We use these models to understand and ultimately predict how signaling networks shape cell behavior in health and disease. Current projects include cytokine-driven JAK-STAT signaling in macrophages, in collaboration with immunologist Dr. Rachel Gottschalk, where we combine mechanistic models with machine learning to predict how signaling dynamics control gene expression and how cells respond to targeted drugs such as JAK inhibitors; kinetic models of viral replication inside host cells, in collaboration with virologist Dr. William Klimstra, including alphaviruses such as Eastern equine encephalitis virus and the role of type I interferon in controlling infection; and new methods that use single-cell proteomic data to calibrate mechanistic models, in collaboration with immunologist Dr. William Hawse, who studies how immune signaling drives pathogenic cell differentiation. A recurring theme is translating mechanistic insight into strategies for treating human disease.

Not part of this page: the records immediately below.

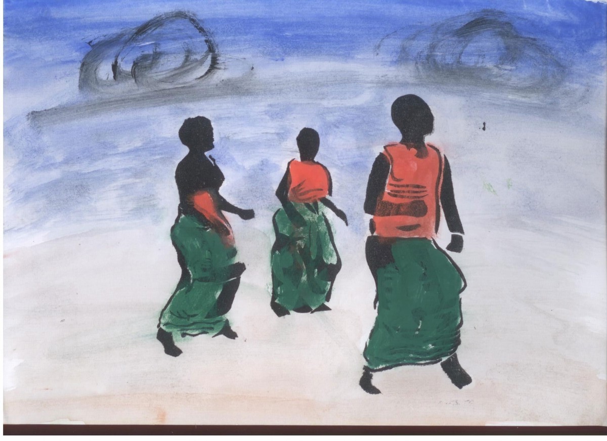 Three women dancing with storm clouds.
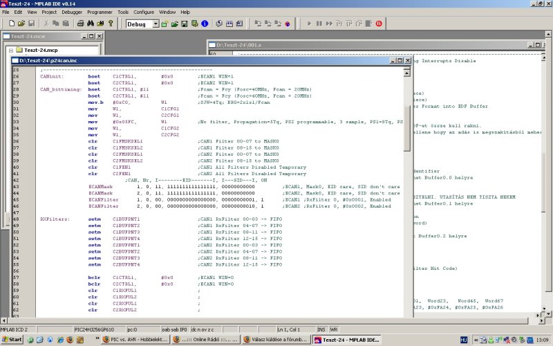 Teszteléshez a PIC24 saját 2 db CAN moduljait használom tehát kiküldöm 1-en, veszem 2-n... Már működik patentül, DMA meg minden. Most éppen pofásítom a programot. A cél az autó teljes ECAN busz-ra fűzése. Egy itteni sráccal "dolgozom" össze. Bár ő nem sűrűn ér rá, de inspirál. Szóval ez van. Nem tartom magam nagy fejnek, inkább kitartó vagyok. Munka mellett 4 hónapja nyomom a CAN modult igaz közben rengeteg járulékos melót csináltam, és ne feledkezzünk meg a főállásról... ![]() Egyébként egy történet arról hogy mennyire kell az ASM, és milyen jó a microchip support-ja. A ECAN busz fejlesztése során kiderült hogy az ECAN regiszterei a PIC24-ben bankolva vannak. Illteve ezt tudtam a reference manual-ból. Egy bit (WIN) állítgatásával lehet lapozni. Aztán közben kiderült hogy vagy 6 regiszter noha léptetett végrehajtás során megváltozik (mert visszaolvasva kiderült hogy tényleg) a Watch window-ban nem látszott. Peírva a 24/7 Technical Support-ba a következő (most megjelent) 8.14 Mpalb verzióban kijavították az ECAN modul ilyen jellegű hibáját. Sűrű köszönetek közepette köszönték meg a segítséget. S noha próbáltak C30-ra téríteni (marketing duma), megmondtam nekik hogy egy igazi férfi asm-ben programoz, ahogy a zászlóaljparancsnokom mondta vala... ![]() Na ez az amit az ember C-vel észre se vesz. Elsiklik fölötte. Mint aki jól végezte a dolgát. S lövés sincs róla hogy van e hiba vagy nincs. Csak a remény...Ezért kezelhetetlenek a programok.... Idézet: „Na ez az amit az ember C-vel észre se vesz. Elsiklik fölötte. Mint aki jól végezte a dolgát. S lövés sincs róla hogy van e hiba vagy nincs. Csak a remény...Ezért kezelhetetlenek a programok...” 150%-osan egyetértek ezzel. Idézet: „addig ugyanezt AVR esetén 20, azaz húsz utasítással tudjuk elérni. Nem mindegy, hogy portláb, GPR, ... Sajnos már megkopottak az emlékeim, de ha jól emlékszem, van amit csak maszkolni lehet, tovább rontva a helyzetet. Ugyanez igaz az adatmozgatásra is, amíg a PIC néhány MOV utasítással mindent megcsinál, addig AVR esetén ugyanerre van LOAD, STORE, MOV, IN, OUT” ...20 utasítás !? tényleg nagyon régen volt ,az adatmozgatás elkülönítése sztem olvashatóbbá teszi a programot de akinek ez nem tetszik Atmel-nél van fennt egy macro erre az esetre....
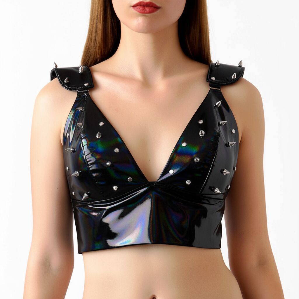 Ефектний вініловий топ Mistress створений для сміливих образів і впевненого самовираження. Глибокий V-подібний виріз підкреслює лінію декольте, а щільна посадка формує виразний силует. Декоративні металеві шипи на чашках і плечах надають моделі характеру та роблять її акцентною деталлю образу.
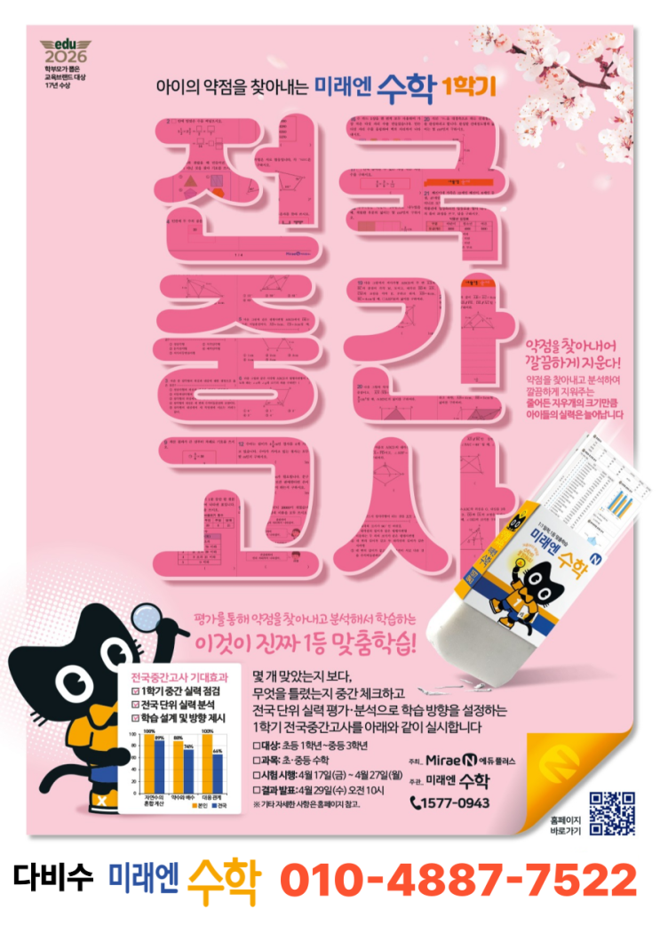 미래엔 수학에서 전국단위로 실시하는 중간고사가 곧 시작됩니다!! 저희 미래엔 수학 새솔센터에서는 재원생 모두 중간고사를 봅니다. 그동안 공부한 내용을 점검 받고 전국단위시험으로 자신의 실력과 위치를 객관적으로 평가하여 앞으로의 학습방향을 설정하기 위함입니다.^^ 1학기 중간 실력 점검!! 전국단위 실력 분석!! 학습 설계 및 방향제시!! 재원생이 아니어도 신청가능합니다. 우리아이의 실력을 객관적으로 파악하고 싶으신 학부모님들은 무료로 신청가능하니 언제든 연락주세요^^ 시험시행 : 2026년 4월 17일(금)~4월 27일(월) 결과발표 : 2026년 4월 29일(수) 오전 10시 <img src="https://blogthumb.pstatic.net/MjAyNjA0MDdfMjYz/MDAxNzc1NTM2OTA1ODE5._puTr9MfWEzNOy9SHIbhCrrirIkxdFIOPj4pRtfp7fMg.Mcg1ps6KEaEqlrl-uQ1HZpcoftwsftfEDAUButRZOEsg.PNG/%C1%DF%B0%A3%B0%ED%BB%E7%C0%FC%B4%DC26%B3%E21%C7%D0%B1%E2.png?type=s3" />

Methodologically, we develop new simulation algorithms (including network-free and spatial reaction-diffusion methods), rigorous approaches for calibrating and reducing models against experimental data, and workflows that integrate mechanistic modeling with machine learning and single-cell measurements. Students in my lab train at the interface of computational modeling, immunology and software development, and typically work closely with experimental collaborators, learning to build models that both explain data and drive new experiments.